The Relationship between Raman-Determined Id/Ig and
PEELS-Determined sp3/sp2 of Magnetron Sputtered a-C
Sam Zhang1, Peter Hing2 and Hong Xie3
1. School of Mechanical and Production Engineering, Nanyang Technological University
50 Nanyang Avenue, Singapore 639798
2. Advanced Materials Research Centre c/o School of Applied Science Nanyang Technological University Nanyang Avenue, Singapore 639798
3. Gintic Institute of Manufacturing Technology, 71 Nanyang Drive, Singapore 638705
E-mail: msyzhang@ntu.edu.sg
Abstract
Raman spectroscopy, electron energy loss spectroscopy and nano indentation are some most commonly used techniques in characterizing of thin solid films of diamond, amorphous diamond-like carbon (DLC) or amorphous carbon. In Raman spectra, amorphous DLC films are characteristic of a broad single peak centered around 1530 cm-1 (G-band) with a "shoulder" at around 1350 cm-1 (D-band). The "shoulder" is the signature of the DLC film (otherwise a sharp peak at around 1580 cm-1 would be that for highly oriented pyrolytic graphite). The peak intensity ratio and peak positions have been commonly used in the characterization of diamond-like carbon or amorphous carbon films. The peak position and the intensity vary from film to film. This variation comes from the structural change or disturbance of otherwise full three-fold coordination of carbon network (sp2) as four-fold coordinated structures (sp3) are introduced through vapor deposition. Parallel Electron energy loss spectroscopy (PEELS) analysis can distinguish atomic elements and differentiate between graphite, amorphous carbon, diamond and the variety of diamond-like carbon materials and enables quantification of the sp2 and sp3 bonding in carbon films. The aim of this paper is to clarify for DLC or amorphous films the relationship between the Raman peak intensity ratio (Id/Ig) and four-fold coordination fraction (sp3) through EELS studies.

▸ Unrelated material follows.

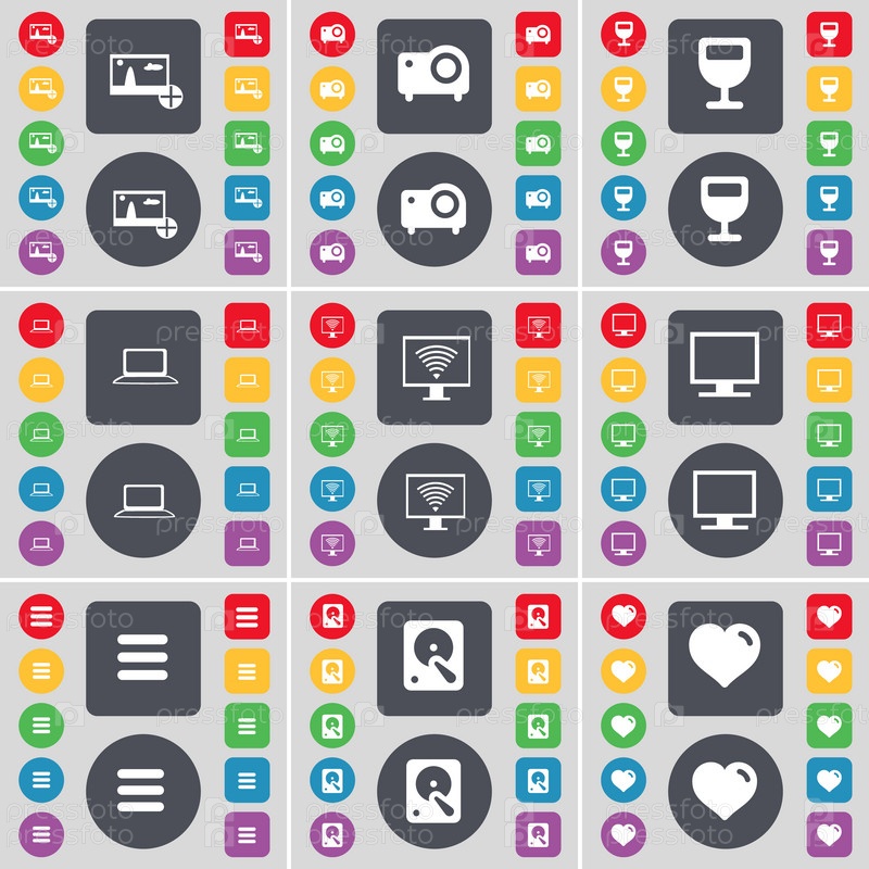 Фотография, проектор, Wineglass, ноутбук, монитор, приложения, жесткий диск, символ иконки сердца. большой набор плоских цветных кнопок для вашего дизайна. вектор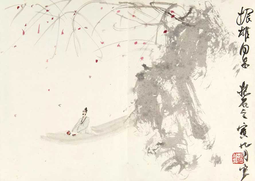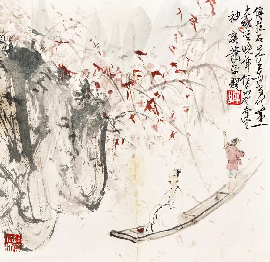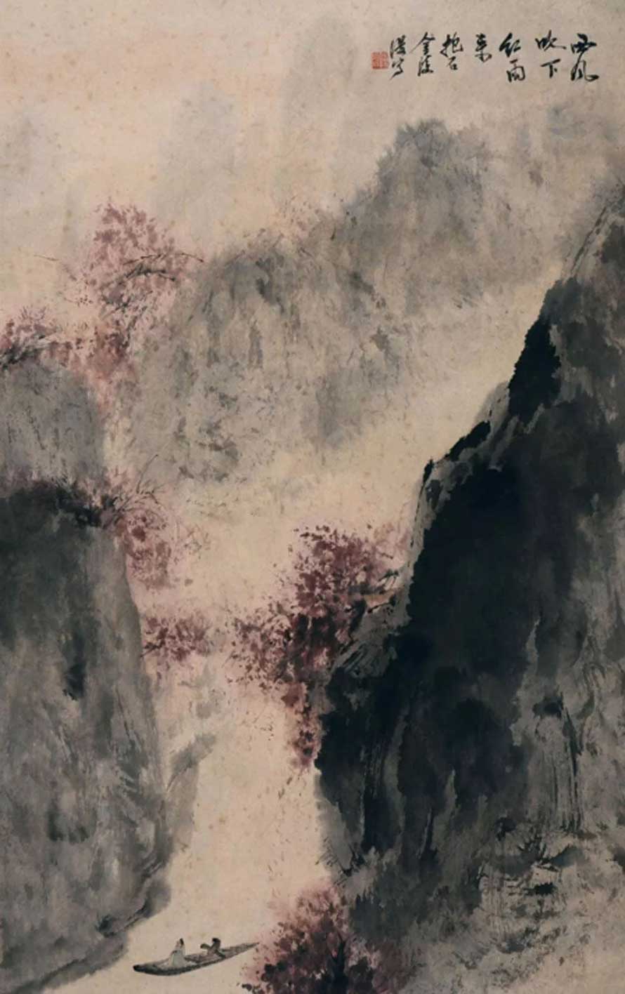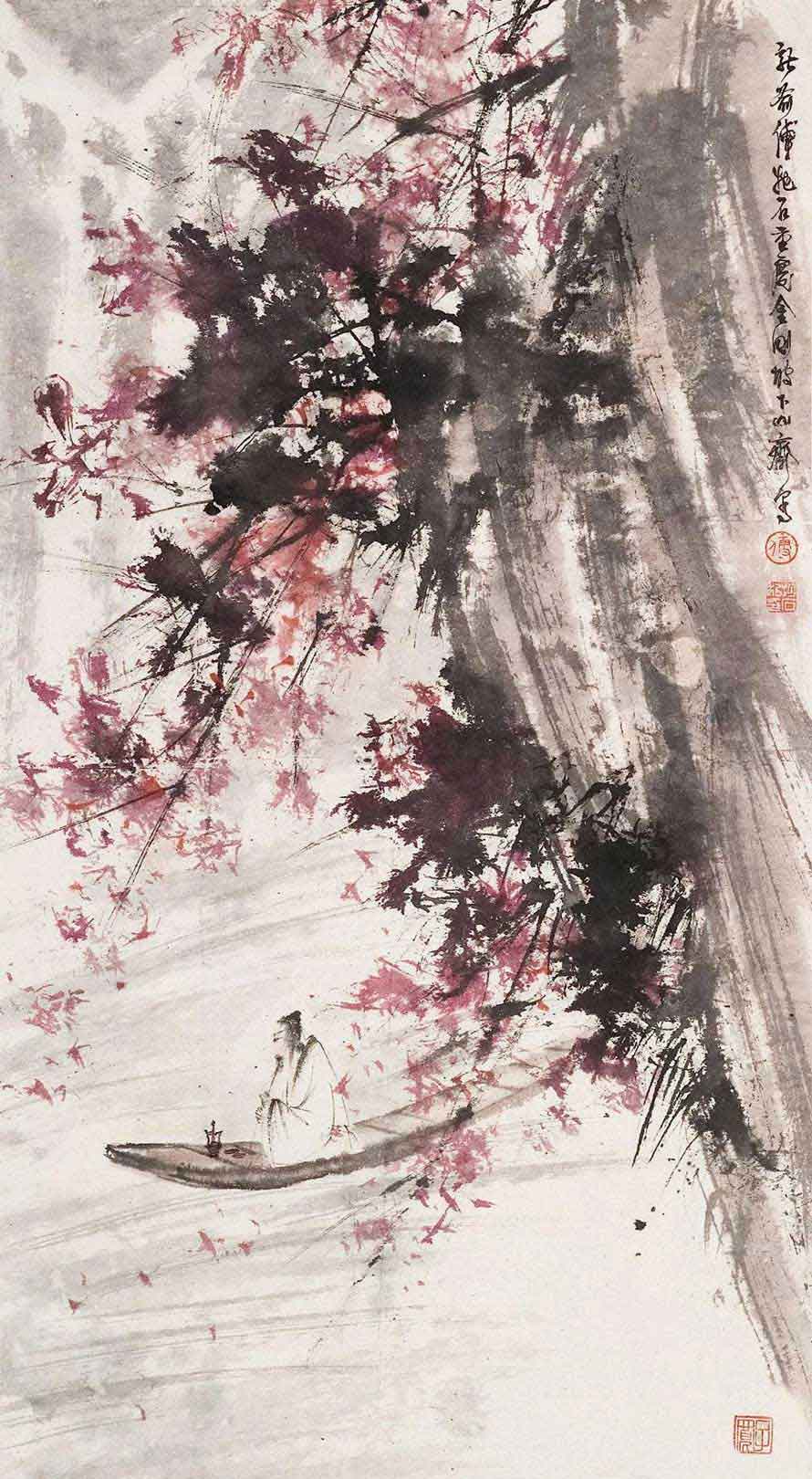 “秋风吹下红雨来”,是画僧石涛的题画诗句,傅抱石推崇石涛,曾多次对诗作画。抱石先生易一字作“西风”,似乎更含蓄而更有诗情。

Amorphous carbon coatings (a-C, a-C:H) of less than 100 nm thick were deposited on KBr pellets and silicon wafer substrate via magnetron sputtering of graphite target in argon, argon/hydrogen and argon/nitrogen atmosphere. PEELS analysis was used to quantify the sp2 / sp3 bonding in carbon films. Sputtering onto compressed KBr pellets and then floating off in distilled water for PEELS study produced stand-alone films of amorphous carbon. Raman spectroscopy was used to measure the peak intensity ratio of D-band to that of the G-band (Id/Ig). It shows that higher sp3 fraction often associates with lower Raman peak ratio Id/Ig. At the same time, G-band peak position Pg decreases while sp3 fraction increases.